Justo cuando pensaba que empezaba a conocerlos, meditó el señor Saveloy…
Cogió su vaso de vino. Los miembros de la Horda cogieron también sus vasos y lo observaron con atención.
—Un brindis, caballeros —dijo—. Y recordad lo que os dije sobre no beber de golpe. Beber de golpe solamente sirve para mojarse las orejas. Dad un sorbo nada más. ¡Por la Civilización!
Los miembros de la Horda añadieron sus brindis respectivos.
—«¡ Pcharn’kov!»[22]
—«¡Túmbense en el suelo y nadie saldrá herido!»
—«¡Ojalá vivas en pantalones interesantes!»
—¿Cuál es la palabra mágica? ¡Dame!
—«¡Muerte a la mayoría de los tiranos!»
—¿Mande?
—Las paredes de la Ciudad Prohibida tienen doce metros de alto —dijo Mariposa—. Y las puertas son de metal. Hay cientos de guardias. Pero por supuesto, tenemos al Gran Hechicero.
—¿A quién?
—A vos.
—Lo siento, ya me estaba olvidando.
—Sí-dijo Mariposa, mirando lentamente a Rincewind con expresión apreciativa. Rincewind recordaba que sus tutores lo miraban de la misma forma cuando sacaba buenas notas en algún examen tipo test simplemente contestando al azar.

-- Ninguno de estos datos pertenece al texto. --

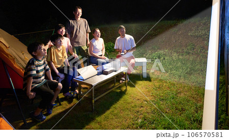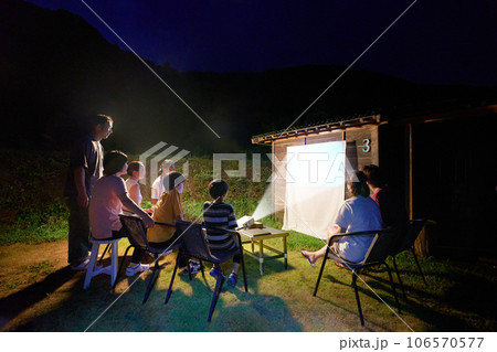 プロジェクターを使ってアウトドアで映画鑑賞をする人々 キャンプ ファミリー イメージ

Se apresuró a bajar la vista hacia los garabatos a carboncillo que había hecho Flor de Loto.
Cohen sabría qué hacer, pensó. A él le bastaría con abrirse paso a base de tajos. Nunca se le pasaría por la cabeza tener miedo ni preocuparse. Era la clase de hombre que hacía falta en situaciones como aquella.
—Sin duda tenéis hechizos mágicos que pueden abatir las murallas —dijo Flor de Loto.
Rincewind se preguntó qué le harían cuando resultara que no podía. No mucho, pensó, si ya estoy corriendo. Por supuesto, maldecirían su memoria y lo insultarían, pero a eso ya estaba acostumbrado. «Palos y piedras romperán mis huesos», pensó. Tenía la vaga certeza de que el refrán tenía una segunda parte, pero nunca se había molestado en aprenderla porque la primera siempre ocupaba toda su atención.
Incluso el Equipaje lo había abandonado. Aquella era una ventaja menor, pero echaba de menos aquel ruido de piececillos…
—Antes de empezar —dijo—, creo que deberíais cantar una canción revolucionaria.
A la unidad le gustó la idea. Mientras estaban ocupados cantando, Rincewind fue con sigilo hasta Mariposa, que le dedicó una sonrisa cómplice.